Previously, we identified a loss of stromal Cav-1 as a predictive biomarker of early tumor recurrence, metastasis, tamoxifen-resistance, and decreased survival in human breast cancer patients1,2. The predictive value of a loss of stromal Cav-1 was independent of epithelial marker status, as a loss of stromal Cav-1 was predictive in ER+, PR+, HER2+, and triple-negative breast cancer patients1,2. Similarly, in DCIS-patients, a loss of stromal Cav-1 in breast cancers has now been independently validated by six other groups world-wide (Australia, Argentina, Korea, Japan, Egypt, and Leeds-UK)4-8, and has been extended to other types of human cancers, such as advanced prostate cancer9, and metastic melanoma10.

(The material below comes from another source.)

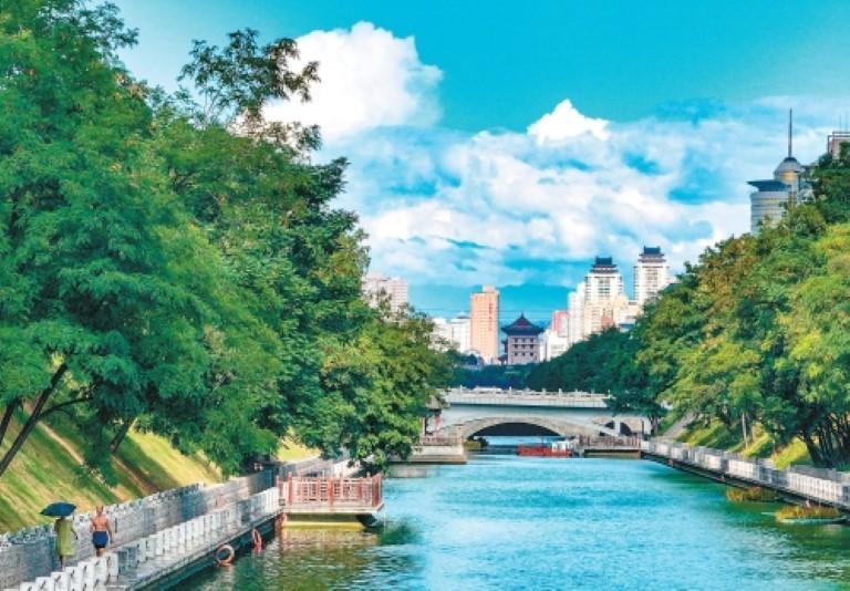 近年来,西安不断加大减污降碳力度,生态环境质量持续改善。图为水清岸绿的护城河。 资料图片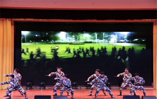 在晚会第二篇章,物业1801班带来的舞蹈《青春热舞》,极富青春活力和朝气,让现场气氛再次沸腾,掌声欢呼声不断。水电1701刘剑东带来的歌曲《追梦赤子心》,紧紧拨动内心的心弦,让人内心深受触动,产生强烈的情感共鸣。建工1902班带来的军拳展示《热血军魂》,闪亮的匕首,整齐划一的军拳,释放了青春的热血和豪情。系学生会的同学们带来的歌舞串烧《青春修炼手册》,精彩诠释了我系学生干部群体的朝气蓬勃、团结向上和亲和力。

To mechanistically understand the prognostic basis of a loss of stromal Cav-1, we studied Cav-1-deficient-mice. Metabolomic, proteomic, and genomic profiling established that fibroblasts and the mammary fad pads from Cav-1-deficient mice are highly-catabolic, and show strong metabolic-shifts towards autophagy/mitophagy, and aerobic glycolysis, due to increased oxidative stress11-15. Virtually identical catabolic processes and associations with aerobic glycolysis were identified via analysis of laser-captured tumor stroma from human breast cancer patients lacking stromal Cav-116. This led to the proposal of a novel two-compartment model of tumor metabolism, termed the “Reverse Warburg Effect”11, 17-24. In this model, the glycolytic tumor stroma transfers energy-rich nutrients (such as, L-lactate and ketone bodies) to anabolic tumor cells, which then “fuels” mitochondrial metabolism in epithelial cancer cells18.
Thus, we searched for new biomarker(s) of clinical outcome, by analyzing breast cancer cells co-cultured with human fibroblasts. In this co-culture system, Cav-1 is degraded by oxidative-stress-induced autophagy in cancer-associated fibroblasts, resulting in a loss of stromal Cav-1 expression25-28, mirroring what we observe in high-risk breast cancer patients. Under the same conditions, we demonstrated that breast cancer cells induce MCT4 over-expression in stromal fibroblasts, and that MCT4-induction can be prevented by anti-oxidants29. Importantly, MCT4 is the major transporter directly responsible for L-lactate efflux/export from glycolytic cells. As such, MCT4 is a functional biological marker of oxidative stress (pseudo-hypoxia) and aerobic glycolysis in the tumor stroma29.
However, it remains unknown if MCT4 levels are controlled by Cav-1 and/or if stromal MCT4 has any prognostic value as a biomarker in breast cancer patients. To address this issue, we evaluated the prognostic value of stromal Cav-1 and stromal MCT4, in parallel, in the same triple-negative breast cancer patient cohort.
Here, we show that stromal MCT4 (i) is a new biomarker that independently predicts poor overall survival in triple negative (TN) breast cancer patients, and (ii) stromal MCT4 can be used in conjunction with stromal Cav-1, to further stratify the intermediate-risk group into high-risk and low-risk patients.
As MCT4 is a new druggable-target, we suggest that MCT4 inhibitors should be developed for the treatment of aggressive breast cancers, and possibly other types of human cancers.